Spectator, Ann Veronica



a novel by H. G. Wells, published in 1909. In this novel of suburban rebellion Ann Veronica Stanley, a 21-year-old science student, refuses to accept her father's authority, leaves home, and looks unsuccessfully for work in London. She becomes indebted to Ramage, a businessman who tries to take advantage of her innocence, and falls in love with Capes, a married biology instructor. Meanwhile, her female mentor Miss Miniver introduces her to the suffragette movement. She takes part in an attempt to storm the House of Commons, and is arrested and imprisoned. Once released, she declares her love for Capes and frees herself from her other financial and emotional entanglements. Wells claimed to have been the first popular novelist to portray a sexually aggressive heroine who ‘fell in love, and showed it’, instead of waiting for the man to make the first moves.
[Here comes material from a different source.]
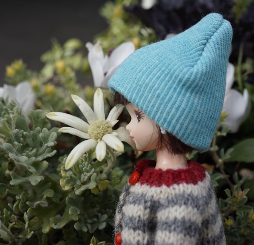 お帽子は 瞳の色に合わせました。

Certainly the book caused intense controversy, partly fuelled by the air of scandal surrounding its author at the time of publication. The Spectator denounced it as a ‘poisonous book’ undermining the institution of the family. Ann Veronica played a part in the history of women's liberation, despite Wells's hostile caricatures of the suffragette leaders, whose aims he regarded as too narrow. Later feminists have looked somewhat quizzically at what the American critic Freda Kirchwey called Wells's ‘Patented Feminism—Very Perishable’; but Ann Veronica's unaffected bluntness and her defiant rejection of the conventional forms of male domination and male posturing make this one of the most vibrant of propaganda novels.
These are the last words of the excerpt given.